Chengyi (Jeff) Chen’s Data Science Blog ΨΦ: Pursuit to discover Unknown Unknowns

_images/header.jpg

Fig. 1 Hi, I’m Jeff and \(\Psi \Phi\) (pronounced “sci-fi”) is my technical blog dedicated to connecting seemingly disparate data science concepts.


Introduction

United States Secretary of Defense Donald Rumsfeld once stated::

Reports that say that something hasn’t happened are always interesting to me, because as we know, there are known knowns; there are things we know we know. We also know there are known unknowns; that is to say we know there are some things we do not know. But there are also unknown unknowns—the ones we don’t know we don’t know. And if one looks throughout the history of our country and other free countries, it is the latter category that tends to be the difficult ones.

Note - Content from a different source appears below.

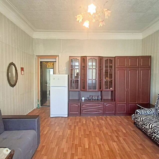 Квартира продается полностью с мебелью: кухонный гарнитур с бытовой техникой и холодильником, полностью укомплектованная ванная комната со стиральной машиной. В комнате: шкаф, диван и комод. В коридоре-все.
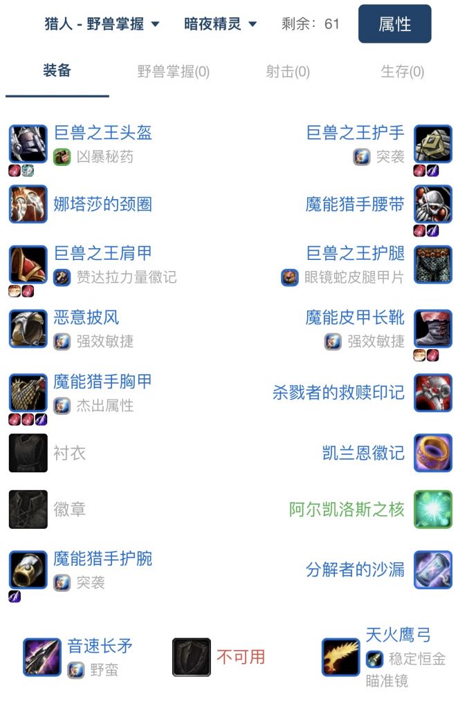 最后免责声明,由于本人tbc从未玩过猎人(tbc万年盗贼,60级taq前玩过猎人,后来由于wcl全程橙色打不过其他职业紫色蓝色遂放弃这个职业)文中难免有错误和不严谨的地方,大家交流讨论,轻喷,也希望有更多的猎人高手可以分享干货(比如不同攻速下的一键宏设置),而不是千篇一律的讨论t3tx这种无聊的东西。

Learning about the categorization of information by United States Secretary of Defense Donald Rumsfeld was an important point in my life. Although this quote is more often used in the context of risk management, I see it more as a guide on how to traverse to the right end of the Dunning-Kruger effect curve.

https://upload.wikimedia.org/wikipedia/commons/thumb/4/46/Dunning%E2%80%93Kruger_Effect_01.svg/1024px-Dunning%E2%80%93Kruger_Effect_01.svg.png

Fig. 2 Dunning-Kruger effect curve

Obviously, in order to succeed in life (“succeed” could be in the context of anything – e.g. healthy relationships, career, financial, academics, …) without relying on purely luck, one needs to have the bare minimum drive and resolve to want to work hard and actually execute it. But what does it mean to work hard? What does it mean to really understand the material that you’re learning? Clearly, the first step would be to start learning about what you know you don’t know. However, if you’re only doing this, you might get the false sense of confidence that brings you up to the Peak of “Mount Stupid” as shown in the figure above. To get to the “Plateau of Sustainability”, one has to trudge forward to find out what one doesn’t know one doesn’t know, i.e. the unknown unknowns. I’ll be using this space to demonstrate times when I’ve tried to push past the area of known unknowns through asking questions that drive me to the unknown unknowns.


Machine Learning Notes

The first section of my blog just contains some notes for my own reference on machine learning. Overall, my interests lie in the realm of probabilistic machine learning because it provides a framework for both learning about unbobserved variables as well as a good measure of uncertainty for predictions. “Pattern Recognition and Machine Learning” by Christopher M. Bishop is the best textbook resource I could find for learning about probabilistic machine learning.


Personal Projects

This section features some of the projects that I do in my free time to better understand some machine learning concepts as well as to better understand the pyro probabilistic programming language.